Geospatial Data and Analysis with Python

Geospatial data is the geographic data around us, it contains location information as well as extra information known as attribute information. This data can range from things like smart phones GPS information to voting preferences across a country to natural geographic features like the distribution of natural water sources, amongst other many things. Through analysing it valuable insights can be gained with many different uses. Placement of advertising billboards could be optimised using commuter smartphone GPS information, voting preferences across a country could be used in deciding localised targeted voting campaigns, city planners could choose the location of new housing builds based on the proximity of water supplies, and so on. Whilst geospatial data presents vast ways to study and gain insights into our world it also presents unique challenges for analysis.

A two-day blended workshop of online lectures and practical python programming sessions was delivered by Chris Jochem, a Senior Research Fellow of the WorldPop group in the School of Geography and Environmental Sciences at the University of Southampton. This workshop covered key fundamentals of geospatial data analysis, including spatial data formats, georeferencing, geometry calculations, spatial analysis, and visualisations, and used the useful geospatial data analysis python package GeoPandas, an extension of the pandas package that allows for spatial operations on geometric types.

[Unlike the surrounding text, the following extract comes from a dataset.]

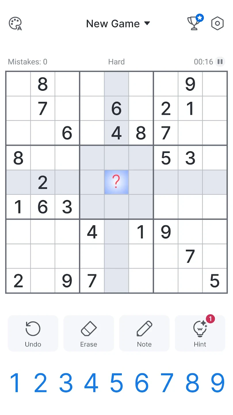 • Step 2: Click empty cells and enter numbers, using the number selection pad. The app highlights the entire column and 3×3 square to show where the number already appears.

For geospatial data there are different types of representations. The main one focused on in this workshop was the vector representation, which consists of point locations of objects and bodies that can then be joined together to form lines and polygons. The other main representation is the raster representation which uses a grided representation of continuous data. As geospatial data contains geographic information it can be linked onto maps of that geographical area.

Maps are typically 2D representations of the Earth yet the Earth itself is 3D and so these 2D representations introduce different types of distortions. Each type of map, known as a projection, has different levels and types of distortions and so the choice of map has both pros and cons (relevant xkcd, because relevant xkcd: https://xkcd.com/977/). Once a map is chosen a coordinate reference system (CRS) is added, which defines how points on the map relate to real places on Earth.

Once the map and CRS are ready other information and data can be added as layers. This typically involves performing geometric manipulations and non-spatial data operations in a pre-processing stage to extract data specific to the region of interest from larger datasets and to clean and combine relevant datasets. These operations can include clipping, spatial joining, non-spatial joining, dissolving and aggregation, amongst others. Once the pre-processing is done the data can then be analysed.

Through analysing the data valuable insights and information, such as the ones previously mentioned, can be found. The results from the analysis alone though do not best show and communicate the trends and insights and so they need to be visualised in ways that clearly communicate their message to an audience.

This was the final part of the workshop and it covered visualisations from point maps to choropleth maps to interactive marker, choropleth and heat maps, with the interactive maps showing extra information when the user interacted with them. These maps help convey the insights better to the user as they show the trends in clear and concise ways whilst also being better at holding the user’s attention.

This workshop was both invaluable and interesting. It covered the core concepts of geospatial data analysis, from what geospatial data and analysis is up to how to use it to process, analyse and present geospatial data in meaningful ways.

By Samuel Senior